Tortura e o vácuo de informação

Mas tortura foi feita para ser terrível, e devemos considerar o torturador no contexto de seu prórpio desespero. Diante ds ataques às torres gêmeas em 2001, qualquer um que não estivesse aterrorizado estava fora da realidade. Conhecemos várias pessoas que atualmente são um tanto blasé quanto ao 11 de setembro. Infelizmente para elas, também as conhecíamos logo nos primeiros meses após o desastre, e elas não eram nem de longe tão comedidas como são agora.

O ataque ao World Trade Center foi uma das grandes razões para prisões e torturas – não tínhamos ideia da capacidade da al Qaeda. Era razoável supor que outras células do grupo operassem nos EUA e e que a qualquer momento haveria outros ataques, especialmente dada a reputação deles pelas ações em sequência. Ainda nos lembramos da nossa primeira viagem de avião pós 9/11, olhando para os demais passageiros, planejando o que faríamos de um deles se mexesse. Cada vez que um usava o banheiro do avião, a tensão subia vertiginosamente.

E se a queda das torres não fosse apavorante o bastante, havia medo generalizado de que a al Qaeda tivesse alguma “carga explosiva” ou que um atentado nuclear a algum grande centro urbano pudesse acontecer a qualquer momento. Para os cidadãos individuais, era só mais uma possibilidade. Lembro-me de ter me hospedado em um hotem el Washington, próximo à Casa Branca, e perceber que estava no marco zero – e imaginar como seria o momento seguinte. Mas para o governo, o problema era ter cacos de informação indicando que a al Qaeda poderia ter uma arma atômica, mas não ter como verificar essa informação. O presidente e o vice eram mantidos em locais diferentes como medida de segurança, por motivos óbvios.

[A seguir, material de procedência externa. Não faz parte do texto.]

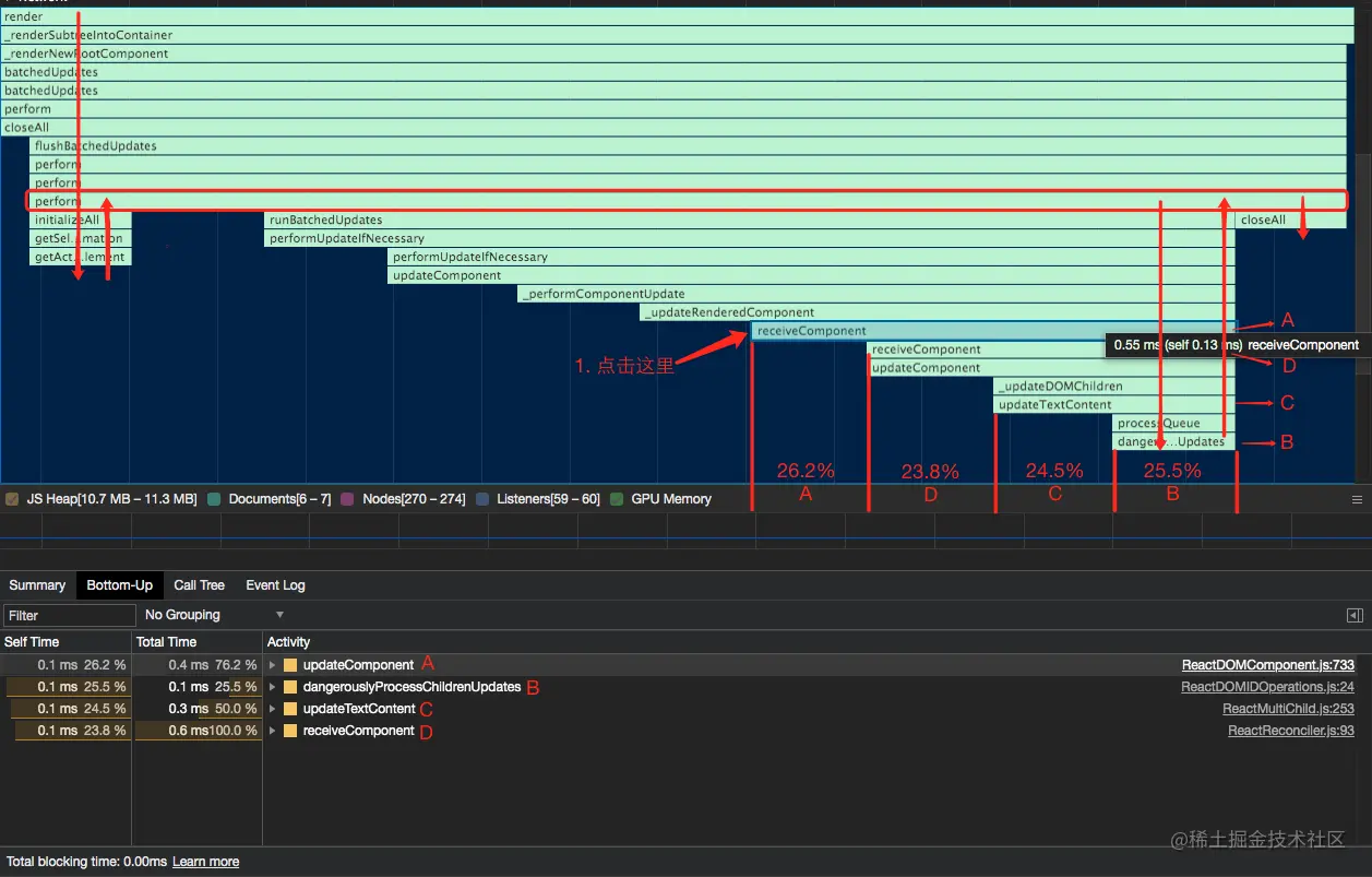 从 render 开始向下,然后回到红框标注的 perform ,然后一直向下到 B 所在的 dangerouslyProcessChildrenUpdates,然后回到红框标注的 perform,最后执行了 closeAll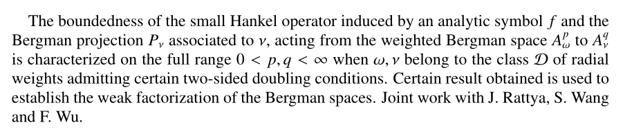 报告题目:Small Hankel operators between weighted Bergman spaces with application to weak factorization

Essa falta de informação levou diretamente aos medos mais extremos, que exigiram as medidas mais extremas. Washington simplesmente não sabia muito sobre a al Qaeda, seu poder e objetivos nos Estados Unidos. A falta de conhecimento obriga as pessoas a pensarem na pior das hipóteses. Na falta de dados de inteligência que apontassem o contrário, a única suposição razoável era de que o grupo terrorista planejava mais ataques, e ainda piores.

Coletar inteligência rapidamente se tornou a maior prioridade nacional. Diante do medo genuíno e compreensível na época, nenhuma ação nessa busca de conhecimento estava fora de questão, contanto que prometesse respostas rápidas. Isso levou à autorização da tortura, entre outras medidas. Tortura oferece uma forma veloz de acumular inteligência, ou, diante da demora das outras ferramentas, era algo a ser pelo menos tentado.

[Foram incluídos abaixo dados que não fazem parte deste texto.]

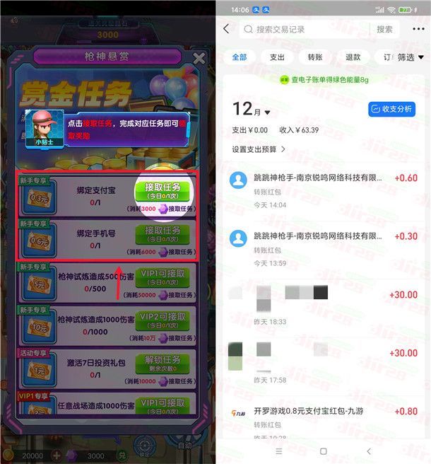 又来一个简单的游戏领红包活动,只有安卓手机才可以参加,通过下载打开跳跳神枪手APP,微信登录后先按照提示引导简单点几下绑定支付宝就可以领到0.3元支付宝现金,然后再游戏里再玩几分钟领到6000钻石再兑换0.6元支付宝现金,合计每个号可以领到0.9元支付宝现金,秒到支付宝余额里。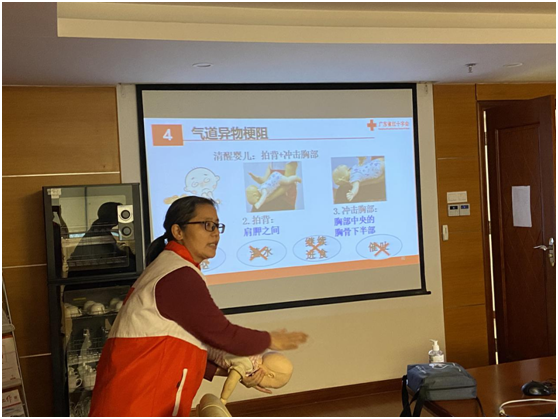 培训内容主要包括疫情期间个人防护措施、心肺复苏术、创伤急救、意外伤害处理等应急救护知识。培训中,广东省红十字会志愿者中山大学孙逸仙纪念医院宋凤卿教授用专业救护知识结合医院工作的救护案例,加上精彩有趣的互动,让学员们对应急救护知识有初步了解,也认识到学习应急救护知识的重要性。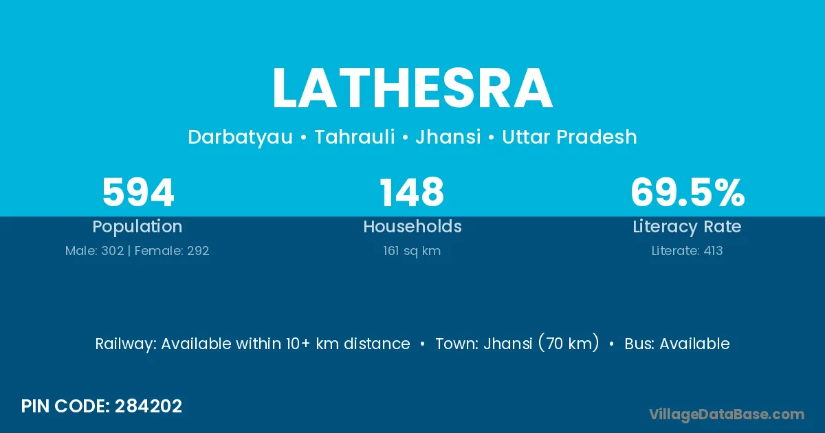 Jhansi (70 km) is the nearest town to Lathesra village for major economic activities and is located approximately 70 km away.

A questão moral da tortura

Os documentos divulgados recentemente levantam  uma questão moral. Os Estados Unidos são um projeto moral – a Declaração de Independência e a Constituição atestam isso. O presidente faz um voto de proteger e defender a Constituição contra todos os inimigos, externos e domésticos. A Carta não fala sobre  tortura de estrangeiros, mas implica abominação à violação dos direitos (ao menos dos cidadãos americanos). Mas a Declaração de Independência contém o trecho “um respeito decente pelas opiniões da Humanidade”, o que indica que a opinião do mundo importa.

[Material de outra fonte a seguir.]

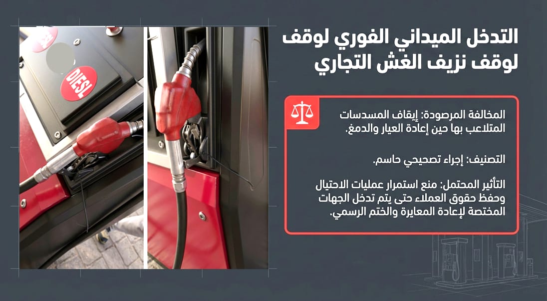 كما تم فحص شكوى متداولة على مواقع التواصل الاجتماعي بشأن إحدى محطات الوقود بمحافظة القليوبية، حيث تبين وجود تلاعب في معايرة طلمبات السولار، ما أدى إلى نقص الكميات المنصرفة للمواطنين لصالح المحطة. كما تم الكشف عن وجود مياه بصهاريج المنتجات، وتم إلزام الوكيل بتطهير الصهاريج، وإيقاف الطلمبات المخالفة لحين إعادة دمغها بواسطة مصلحة الدمغ والموازين.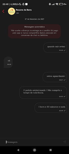 O atendimento presencial foi bom. Porém a comida não vale a pena. Ja tove uma experiência muito ruim pelo ifood onde enviaram a pizza com ingredientes errados, refrigerante errado, sendo que eu tinha dito que não gostava de refrigerante zero e que se fosse assim preferia cancelar o pedido. Dessa vez precisei ir presencialmente na loja para trocar o refrigerante e a pizza poois eles simplesmente nao resolveram via ifood.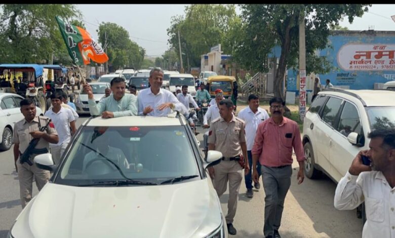 Haryana News दो किलोमीटर लम्बे काफिले के साथ डाॅ अभय सिंह विधायक नांगल चौधरी ने निकाली विकास तीर्थ यात्रा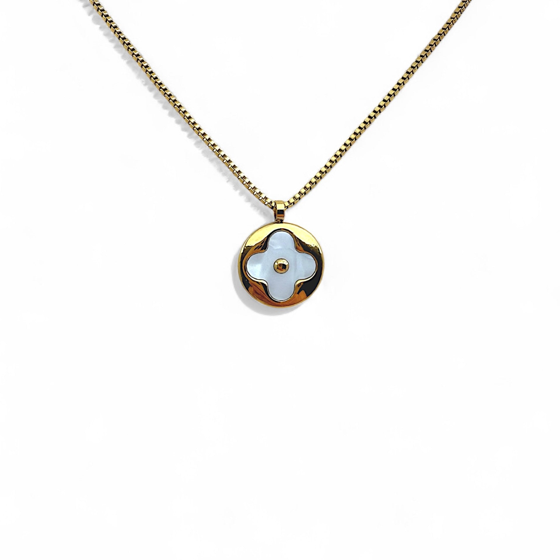 De Jade ketting straalt tijdloze klasse uit met haar ronde hanger, waarin een wit parelmoer bloem subtiel glanst bij elke beweging. Het warme goud en de zachte glans vormen samen een chique en verfijnd geheel dat bij elke gelegenheid past.

Ao mesmo tempo, o presidente jura proteger a Constituição. Em termos práticos, isso significa proteger a segurança física da nação “contra todos os inimigos, externos e domésticos”. Guardar os princípios da Declaração e da Constituição é insignificante sem preservar o regime político e defender o país.

Ainda que esse argumento seja muito interessante para um seminário sobre filosofia política, presidentes, e todos os outros que assumem os mesmos votos, não têm o luxo de uma vida de contemplação. Eles precisam agir em relação aos juramentos que fazem, e não fazer nada tem consequências. O ex-presidente Bush sabia que não conhecia a ameaça, e que para cumprir sua palavra como chefe de Estado ele precisava descobrir qual era essa ameaça, e rápido. Ele podia não saber se tortura seria um método eficiente, mas ele certamente não se sentia no direito de evitar seu uso.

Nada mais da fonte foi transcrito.